Background information
- Origin: Italy
- Genres: Italo house; house; Eurodance;
- Years active: 1988–present
- Labels: RCA; Out; Groove Groove Melody; Mercury Records; Manifesto Records (UK);
- Members: Celestine Walcott-Gordon; Daniele Davoli; Valerio Semplici; Mirko Limoni;
- Past members: Katrin Quinol; Charvoni Woodson;
- Website: blackboxhouse.eu

= Black Box (band) =

Italian house music group

Black Box is an Italian house music group popular in the late 1980s and early 1990s. It consists of DJ Daniele Davoli, classically trained clarinet teacher Valerio Semplici, keyboardist and electronic musician Mirko Limoni, and vocalist Celestine Walcott-Gordon. French fashion model Katrin Quinol joined the act in 1989 and became the official face of Black Box, appearing on the cover of their single and album releases as well as in music videos, including the hit "Ride on Time", which was the highest-selling single of 1989 in the UK. The following year, it was revealed that Quinol was lip-syncing and had not performed on the recording.

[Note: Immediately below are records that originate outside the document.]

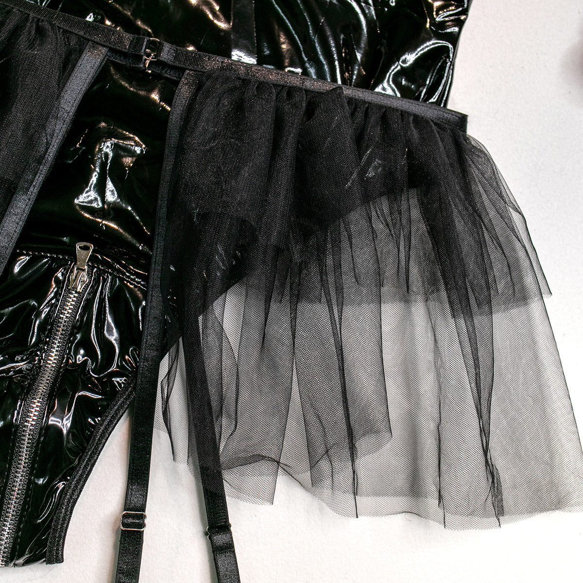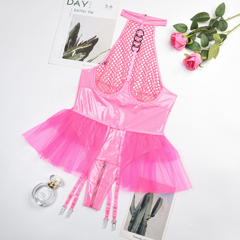 Toto body s podvazkovým pásem bylo navrženo pro ženy, které chtějí vyzařovat sebevědomí a sexepil. Jedinečné detaily, jako jsou odhalená záda a průsvitný výstřih, udělají nezapomenutelný dojem v jakémkoli prostředí.
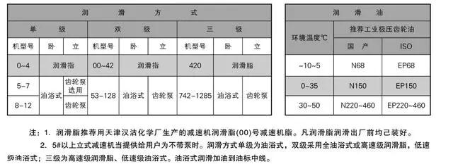 11.按照下表環境溫度選用潤滑油;若在高溫或低溫,即超出下表環境溫度(-10℃-50℃)使用,應重新考慮潤滑劑。
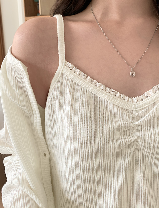 이브티 蕾絲 波浪群/喇叭裙 背心 開襟外套 套裝 86579
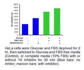 BioVision EZCellTM Glucose Uptake Assay kit 是一種簡單而超級靈敏、易用的葡萄糖攝取檢測試劑盒。試劑盒利用一種特殊的己糖激酶抑制劑抑制己糖激酶,己糖激酶是糖代謝過程中涉及到的第一個酶,在葡萄糖被細胞攝取后,可捕獲葡萄糖。 葡萄糖攝取是利用一系列酶反應檢測的,被氧化的葡萄糖產(chǎn)生的中間產(chǎn)物可以與OxiRed?探針反應而發(fā)出熒光信號(Ex/Em=535/587 nm) 。熒光信號量直接反應細胞所攝取和積累的葡萄糖。不像其他試劑盒是直接檢測葡萄糖衍生物,BioVision 提供了一種直接而強大的葡萄糖研究工具,可用于篩選和表征葡萄糖攝取相關疾病的藥物。
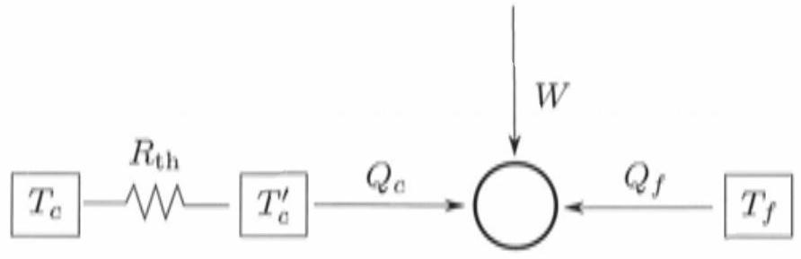 • une transformation isotherme à , associée à un transfert thermique avec la source chaude de température . On note sa durée et la résistance thermique associée .
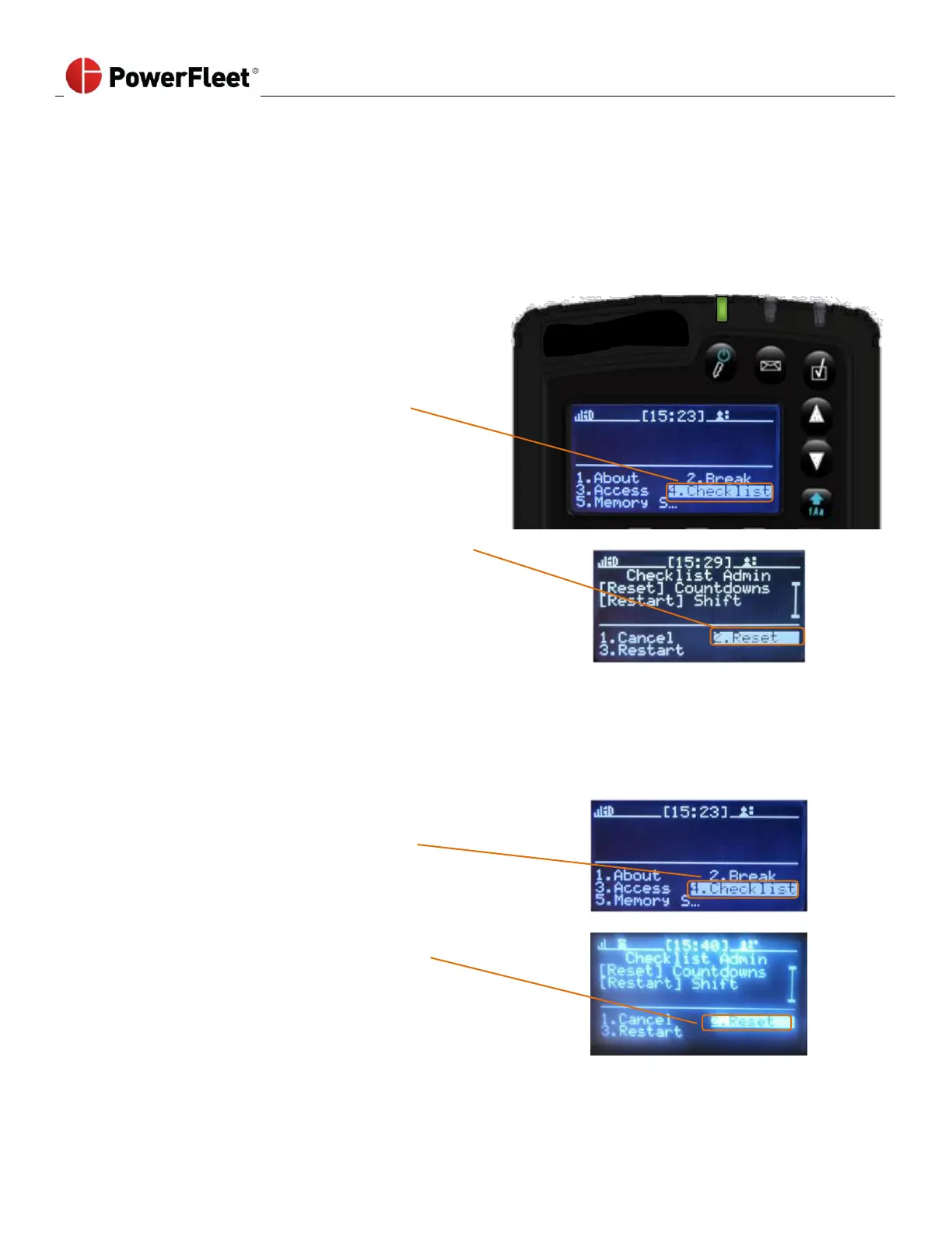 On the “Checklist Admin” sub-menu, select RESET.
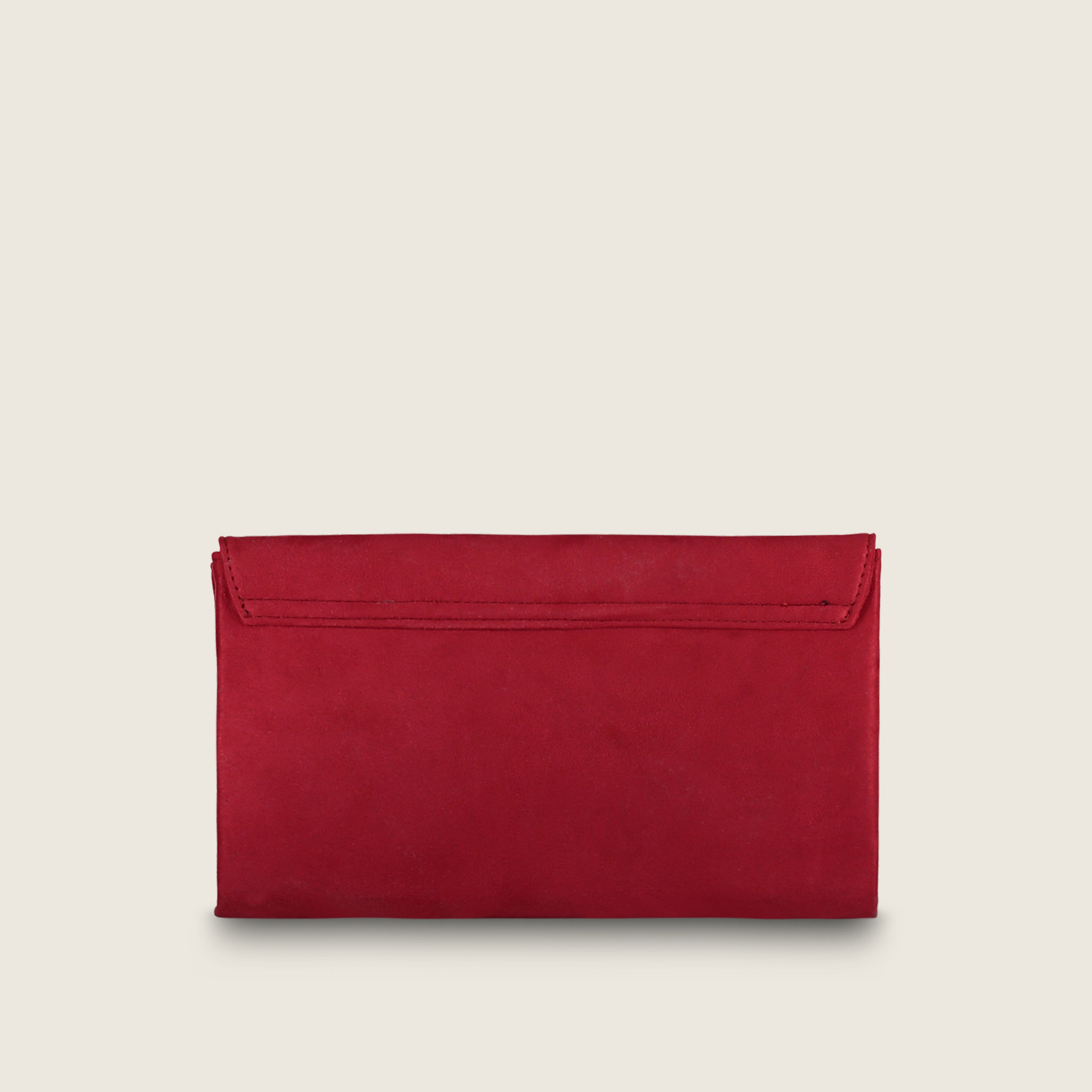 This beautiful red Carnation clutch, is an absolute bag must-have to go out with. This crossbody bag has a non adjustable shoulder chain. Thanks to the additional shoulder strap, this bag can be worn over the shoulder too.The bag has a spacious main compartment and two relatively small inner pockets, of which one with a zipper. The bag closes with a flap and two magnet snap closures. The colour of the hardware of this bag is light gold. The sizes (widht x height x depth) of this bag are 26x16x3
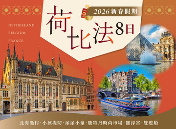 賀歲折五千|荷比法旅遊|三國四遊船、阿姆斯特丹、比利時秘境小鎮、加贈盧森堡12日~升等城區旅館一晚,巴黎市區旅館三晚
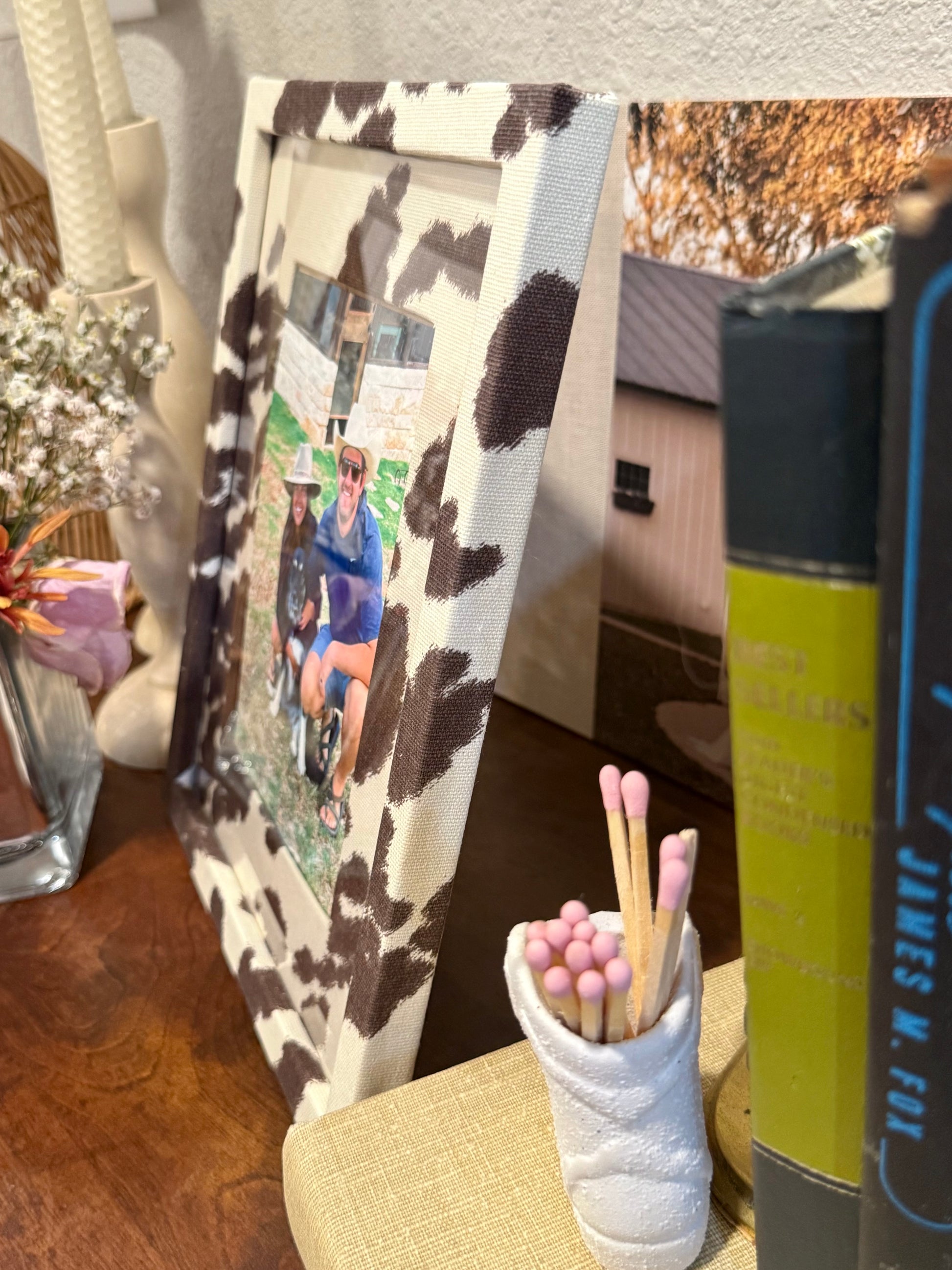 Note: Each frame is individually wrapped by hand. Because of this process, the pattern placement and texture may vary slightly from piece to piece — a soft edge here, a shifted weave there, making your frame perfectly unique. Thank you for supporting a small business!

American singer Martha Wash performed the majority of the songs on the group's debut album, Dreamland, while being uncredited.

==History==
=== 1988–1989: Early beginnings===
Daniele Davoli, Valerio Semplici, and Mirko Limoni formed a production team called Starlight (often credited as Starlight Invention Group). The group's first single was a dance single called "Numero Uno", released in 1988. The song was often credited by their other alias, Groove Groove Melody. "Numero Uno" peaked at number nine on the UK Singles chart. In early 1989, they produced a single called "Vocalizado" for Italian singer Robby Magno. In mid-1989, the group released the maxi-single "Airport 89" under the name Wood Allen. The single peaked at number 99 on the UK Singles chart.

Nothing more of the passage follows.